Thillai K, Repana D, Korantzis I, Kane P, Prachalias A, Ross P
Department of Medical Oncology, Guy's and St Thomas' NHS Trust, London, United Kingdom.
Institute of Liver Studies, King's College Hospital, London, United Kingdom.
Eur J Surg Oncol. 2016 Sep;42(9):1331-6. doi: 10.1016/j.ejso.2016.03.031. Epub 2016 Apr 19.
In patients with liver-limited metastatic colorectal cancer, hepatic resection can offer a significant survival benefit over systemic therapy alone. Specialist hepatobiliary multidisciplinary meetings are currently believed to provide the best forum to discuss the management for these patients. A retrospective analysis was undertaken of patients diagnosed with liver-limited metastatic colorectal cancer over 6 months within a cancer network in the United Kingdom. In addition, patients who were diagnosed but not referred to the hepatobiliary meeting were discussed within a virtual multi-disciplinary setting. Contributors were blinded and proposed management recorded. 159 newly diagnosed patients with liver-limited metastatic colorectal cancer were identified. 68 (43%) were referred at initial diagnosis and 38 (24%) referred following systemic treatment. 35 (51%) who were discussed at baseline underwent a subsequent hepatectomy or radiofrequency ablation, as did 18 (47%) patients referred after chemotherapy. Of the remaining 53 (33%) patients not referred, imaging was available for 31 (58%). Decisions regarding potential liver-directed therapy were discussed within a multi-disciplinary setting. 13 (42%) were identified as resectable or potentially resectable and 11 (36%) may have been suitable for a clinical trial. In reality, none of these 31 patients (100%) underwent surgery or ablation.
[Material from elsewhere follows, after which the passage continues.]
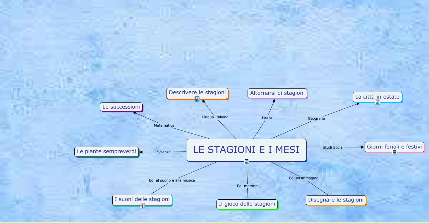 Stagioni e mesi, LE STAGIONI E I MESI Geografia La città in estate, LE STAGIONI E I MESI Storia Alternarsi di stagioni, LE STAGIONI E I MESI Studi Sociali Giorni feriali e festivi, LE STAGIONI E I MESI Ed. motoria Il gioco delle stagioni, LE STAGIONI E I MESI Ed. all'immagine Disegnare le stagioni, LE STAGIONI E I MESI Lingua Italiana Descrivere le stagioni, LE STAGIONI E I MESI Ed. al suono e alla musica I suoni delle stagioni, LE STAGIONI E I MESI Scienze Le piante sempreverdi, LE STAGIONI E I MESI Matematica Le successioni

Whilst the majority of patients with liver-limited metastatic colorectal cancer were referred appropriately, this study demonstrates that a significant number with potentially resectable disease are not being discussed at specialist meetings. A review of all diagnosed cases would ensure that an increased number of patients are offered hepatic resection or ablation.
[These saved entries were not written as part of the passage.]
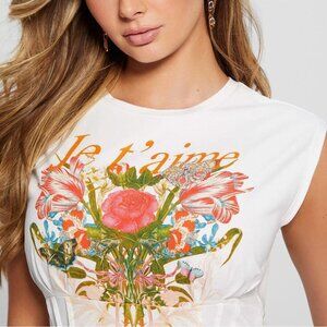 Guess Eco | Je T'aime Corset Tee Floral Graphic in Pure White | Size Medium
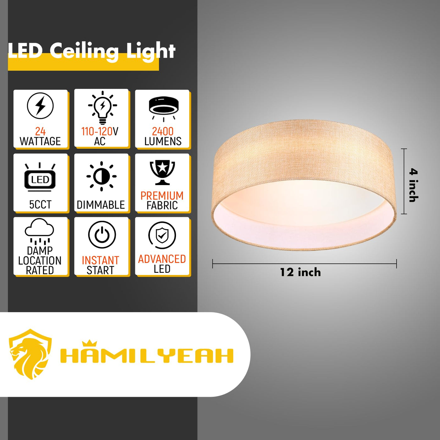 Elevate your home or office lighting with the Hamilyeah LED Fabric Ceiling Light, a sophisticated and versatile fixture that combines cutting-edge technology with timeless style. Designed to refresh any environment while saving on energy costs, this ceiling mount light is perfect for your living room, bedroom, or workspace.
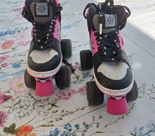 Patins à roulettes de marque OXELO avec 3 sets de protection (6 à 10 ans ? de 25 à 50 kgs) Très peu utilisé
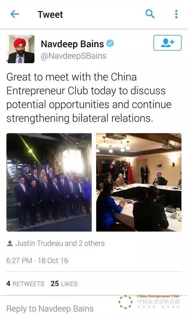 在當天會面結束后,兩位重要內(nèi)閣成員也在其個人推特賬戶上表示對中國企業(yè)家俱樂部的歡迎和中加合作的熱情:

对于肝转移局限的结直肠癌患者,肝切除相较于单纯的全身治疗可带来显著的生存获益。目前认为,专科肝胆多学科会议是讨论这些患者治疗方案的最佳平台。对英国一个癌症网络内6个月内确诊为肝转移局限的结直肠癌患者进行了回顾性分析。此外,对那些已确诊但未被转诊至肝胆会议的患者,在虚拟多学科环境中进行了讨论。参与者信息保密,并记录提出的治疗方案。共识别出159例新确诊的肝转移局限的结直肠癌患者。68例(43%)在初诊时被转诊,38例(24%)在接受全身治疗后被转诊。35例(51%)在基线讨论时接受了后续肝切除或射频消融,化疗后转诊的18例患者(47%)也接受了同样治疗。其余53例(33%)未被转诊的患者中,31例(58%)有影像学资料。在多学科环境中讨论了关于潜在肝靶向治疗的决策。13例(42%)被确定为可切除或潜在可切除,11例(36%)可能适合临床试验。实际上,这31例患者中无一例(100%)接受手术或消融治疗。虽然大多数肝转移局限的结直肠癌患者得到了适当转诊,但本研究表明,相当数量的潜在可切除患者未在专科会议上得到讨论。对所有确诊病例进行审查将确保更多患者能够接受肝切除或消融治疗。